Having worked in the same problem space, I can heavily recommend to get expert input when evaluating which features to use. Ideally, this is a person who knows the internals of the machinery and/or operations that can help you remove spurious features. As a Data Scientist, one sometimes tends to think that the data explains everything and no expert domain knowledge is needed ("Modern machine translation does work without any knowledge of grammar or language!").
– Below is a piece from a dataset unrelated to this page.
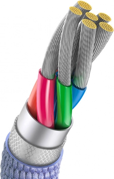 Wysokiej jakości tekstylowy oplot oraz wzmocnienie w miejscu zgięcia chronią kabel przed łamaniem i wyciąganiem. Wewnątrz znajduje się 8‑żyłowe okablowanie zapewniające stabilne ładowanie i komunikację danych. Eleganckie fioletowe wykończenie dopasuje się do Twojego stylu, a dzięki długości 1,2 m zapewnia wygodny zasięg w domu, biurze i samochodzie.

Good luck!
You should look into using generalized additive models (GAMs). They are regression models that allow you to model nonlinear relationships, and even smooth nonlinear interactions between variables, while retaining the benefits of classical regression models like statistically valid confidence intervals and the ability to control for repeated measures. You can also explicitly model periodic behavior, like 24-hour or annual cycles in a predictor variable, and even account for auto-correlation explicitly.
In your example, you could not only pinpoint departure from linearity, but you could get a 95% confidence interval for it.
The best implementation is mgcv in R; pyGAM in python is ok but lacks many of the more advanced features in mgcv. There's even a more ML-flavored implementation in mboost
This is a case where I have a hard time getting my head round how and why machine learning helps. What models are there available, and what training data do you use? Any background would be appreciated, I use ML for feature detection and image classification, but not yet for regressions.
I'm not a data scientist (my background is Engineering) I use Azure ML Studio. the regression feature uses an ensemble of different algorithms there is an explanation here.
Once the model has run it uses something called a mimic to generate model explainability, which lets you explore things like feature importance etc in the final model. As far as the user interface goes I mostly used SAS in the past and it feels quite similar.